Heparin dodecasaccharide containing two antithrombin-binding pentasaccharides: structural features and biological properties

Abstract

The antithrombin (AT) binding properties of heparin and low molecular weight heparins are strongly associated to the presence of the pentasaccharide sequence AGA*IA (A(NAc,6S)-GlcUA-A(NS,3,6S)-I(2S)-A(NS,6S)). By using the highly chemoselective depolymerization to prepare new ultra low molecular weight heparin and coupling it with the original separation techniques, it was possible to isolate a polysaccharide with a biosynthetically unexpected structure and excellent antithrombotic properties. It consisted of a dodecasaccharide containing an unsaturated uronate unit at the nonreducing end and two contiguous AT-binding sequences separated by a nonsulfated iduronate residue. This novel oligosaccharide was characterized by NMR spectroscopy, and its binding with AT was determined by fluorescence titration, NMR, and LC-MS. The dodecasaccharide displayed a significantly increased anti-FXa activity compared with those of the pentasaccharide, fondaparinux, and low molecular weight heparin enoxaparin.

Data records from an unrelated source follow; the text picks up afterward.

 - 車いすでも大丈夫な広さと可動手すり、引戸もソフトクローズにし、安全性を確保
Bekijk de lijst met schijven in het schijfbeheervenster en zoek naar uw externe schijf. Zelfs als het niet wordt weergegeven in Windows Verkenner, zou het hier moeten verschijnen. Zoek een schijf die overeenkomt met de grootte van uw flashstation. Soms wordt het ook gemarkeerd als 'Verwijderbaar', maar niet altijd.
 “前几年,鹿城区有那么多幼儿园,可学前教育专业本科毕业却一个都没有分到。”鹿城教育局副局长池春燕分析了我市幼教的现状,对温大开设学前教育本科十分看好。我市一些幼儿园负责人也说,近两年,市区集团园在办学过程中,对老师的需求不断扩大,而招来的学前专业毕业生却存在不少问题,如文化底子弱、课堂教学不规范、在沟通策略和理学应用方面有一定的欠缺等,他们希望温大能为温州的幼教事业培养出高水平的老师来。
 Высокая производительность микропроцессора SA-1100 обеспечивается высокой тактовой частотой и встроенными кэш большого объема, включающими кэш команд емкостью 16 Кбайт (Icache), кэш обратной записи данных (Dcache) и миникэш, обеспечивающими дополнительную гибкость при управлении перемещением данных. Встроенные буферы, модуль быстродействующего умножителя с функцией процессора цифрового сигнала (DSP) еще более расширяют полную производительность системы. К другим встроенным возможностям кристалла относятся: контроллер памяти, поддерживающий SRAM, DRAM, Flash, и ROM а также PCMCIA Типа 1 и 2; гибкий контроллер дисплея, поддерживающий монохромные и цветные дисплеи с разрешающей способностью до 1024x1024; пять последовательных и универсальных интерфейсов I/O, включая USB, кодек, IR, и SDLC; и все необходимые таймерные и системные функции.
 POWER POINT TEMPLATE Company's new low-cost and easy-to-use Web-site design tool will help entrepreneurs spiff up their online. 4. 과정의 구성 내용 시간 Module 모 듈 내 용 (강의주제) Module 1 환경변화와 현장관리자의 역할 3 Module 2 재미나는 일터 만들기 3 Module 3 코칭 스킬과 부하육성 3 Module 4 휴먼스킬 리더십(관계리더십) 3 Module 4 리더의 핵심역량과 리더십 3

Keywords: 3-O-Sulfation; Antithrombin; Glycosaminoglycan; Heparin; Mass Spectrometry (MS); NMR.

FIGURE 1.

Structure of the dodecasaccharide is shown (b). Octasaccharides having structures similar to the reducing (a) and nonreducing (c) sequences of dodecasaccharide are shown (15). ΔU, 4,5-unsaturated uronic acid.

FIGURE 2.

Chromatogram at 232 nm of the whole dodecasaccharide fraction. Arrow indicates the peak of the dodecasaccharide with the double AT-binding site. mAU, absorbance unit from UV-visible spectroscopy.

FIGURE 3.

Chromatogram of the depolymerization by heparinase I of the reduced dodecasaccharide detected at 232 nm (black) and 202–240 nm (red). Fragments: 1, ΔU_2S-A_NS,6S; 2, ΔU-A_NAc,6S-GlcUA-A_NS,3S,6S; 3, ΔU_2S-A_NS,6S-I-A_NAc,6S-GlcUA-A_NS,3S,6S; 4, ΔU_2S-A_NS,6S-I-A_NAc,6S-GlcUA-A_NS,3S,6S-I_2S-A_NS,6S-ol; 5 is the reduced starting molecule as follows: ΔU-A_NAc,6S-GlcUA-A_NS,3S,6S-IdoUA_2S-A_NS,6S-IdoUA-A_NAc,6S-GlcUA-A_NS,3S,6S-IdoUA_2S-A_NS,6S-ol. mAU, absorbance unit from UV-visible spectroscopy.

FIGURE 4.

Superimposition of 900 MHz TOCSY (black) and NOESY (red) spectra of the dodecasaccharide. H1 I_2S¹ − H4 A_NS¹ and H1 I_2S² − H4 A_{NS, red} inter-glycosidic NOEs are magnified in the top right side of the figure.

FIGURE 5.

Anomeric region of the 900 MHz proton spectrum of the dodecasaccharide in the absence (a) and presence of AT (b). Shifts induced by protein of A*¹, A*², and I5_2S¹ are shown.

FIGURE 6.

800 MHz ¹H NMR spectrum (a) and STD spectrum (b) of dodecasaccharide-AT complex.

FIGURE 7.

Structures of 1:1 dodecasaccharide-AT assemblies. Dodecasaccharide interacting with nonreducing AGA*IA¹ (a) and with the reducing AGA*IA² (b).

FIGURE 8.

Evaluation of AT-AGA*IA interaction (1:1 molar ratio solution). A, LC SEC/UV profile at 280 nm (magenta line) and LC SEC/ESI-TOF MS profile (brown line). B, ESI-TOF spectrum (positive mode and normal conditions) corresponding to the AT-AGA*IA complex (RT range: 99.0–100.4 min; calculated M_r ∼59,383). C, ESI-TOF spectrum (negative mode and denaturing conditions) of AGA*IA (RT range: 97.7–101.1 min; calculated M_r ∼1507). mAU, absorbance unit from UV-visible spectroscopy.

FIGURE 9.

Evaluation of AT-dodecasaccharide interaction (1:1 molar ratio). A, LC SEC/UV profile at 280 nm (blue line) and LC SEC/ESI-TOF MS profile (red line). B, ESI-TOF spectrum (positive mode and normal conditions) corresponding to the AT-dodecasaccharide complex (RT range: 91.3–95.0 min; calculated M_r ∼61,118). C, ESI-TOF spectrum (negative mode and denaturing conditions) of dodecasaccharide (RT range: 91.6–94.8 min; calculated M_r ∼3300). mAU, absorbance unit from UV-visible spectroscopy.